**** STORED DATA ****

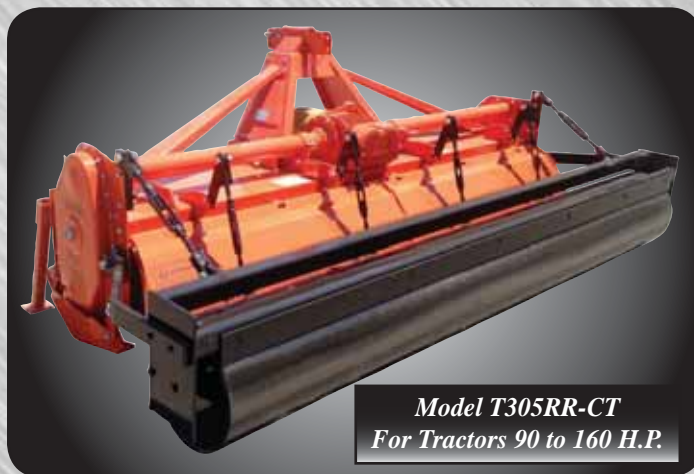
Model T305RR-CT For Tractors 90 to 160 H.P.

****
**** STORED DATA ****

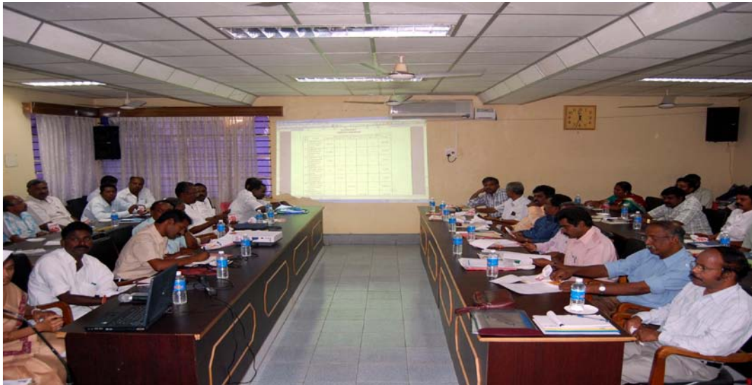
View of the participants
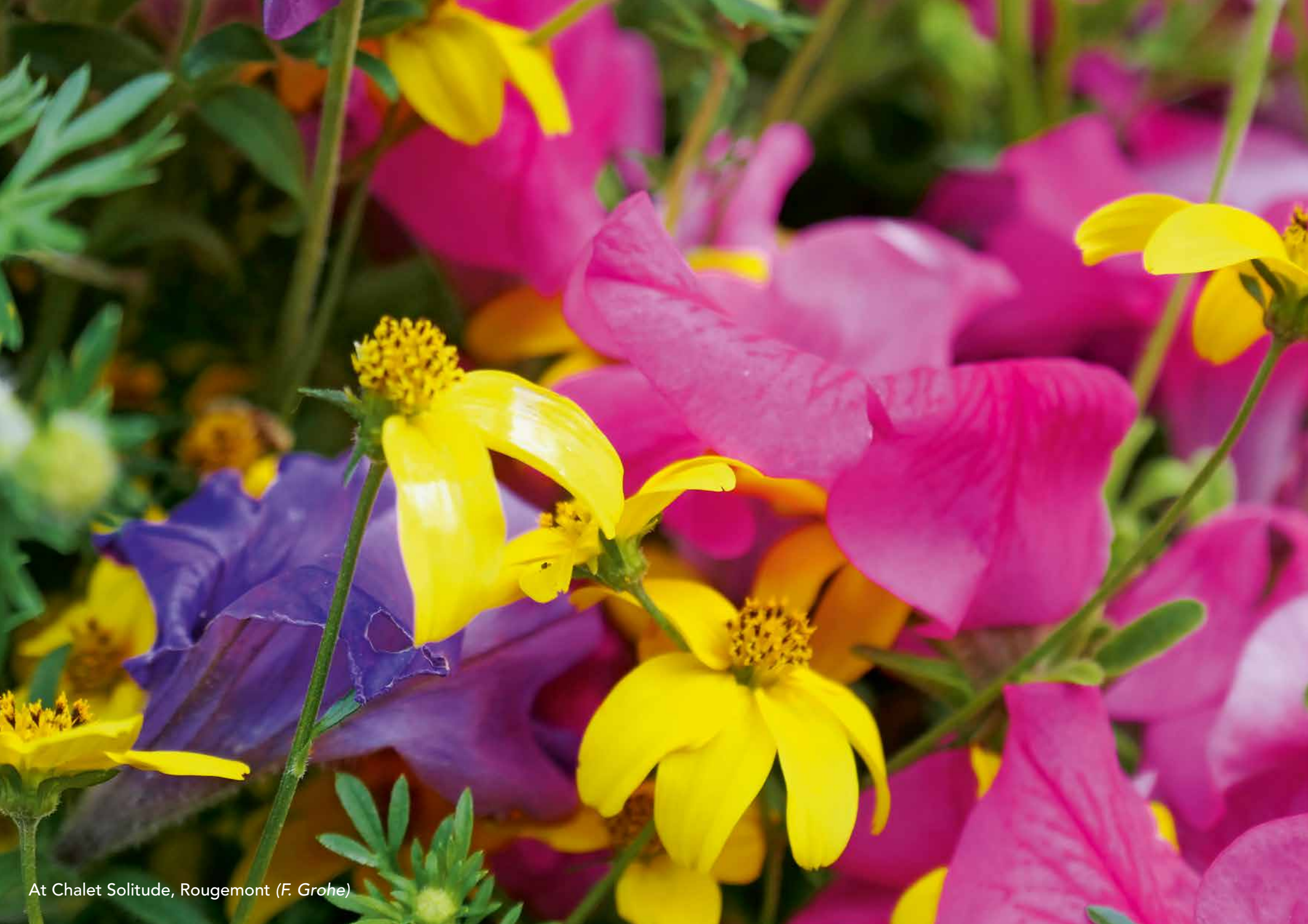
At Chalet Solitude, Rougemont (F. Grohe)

****

### TASK DETAILS
Look above for the line with "View of the participants" and the line with "At Chalet Solitude, Rougemont (F. Grohe)". Output those two and everything between them exactly, pictures excluded.

### RESPONSE FOR THIS EXERCISE
View of the participants
At Chalet Solitude, Rougemont (F. Grohe)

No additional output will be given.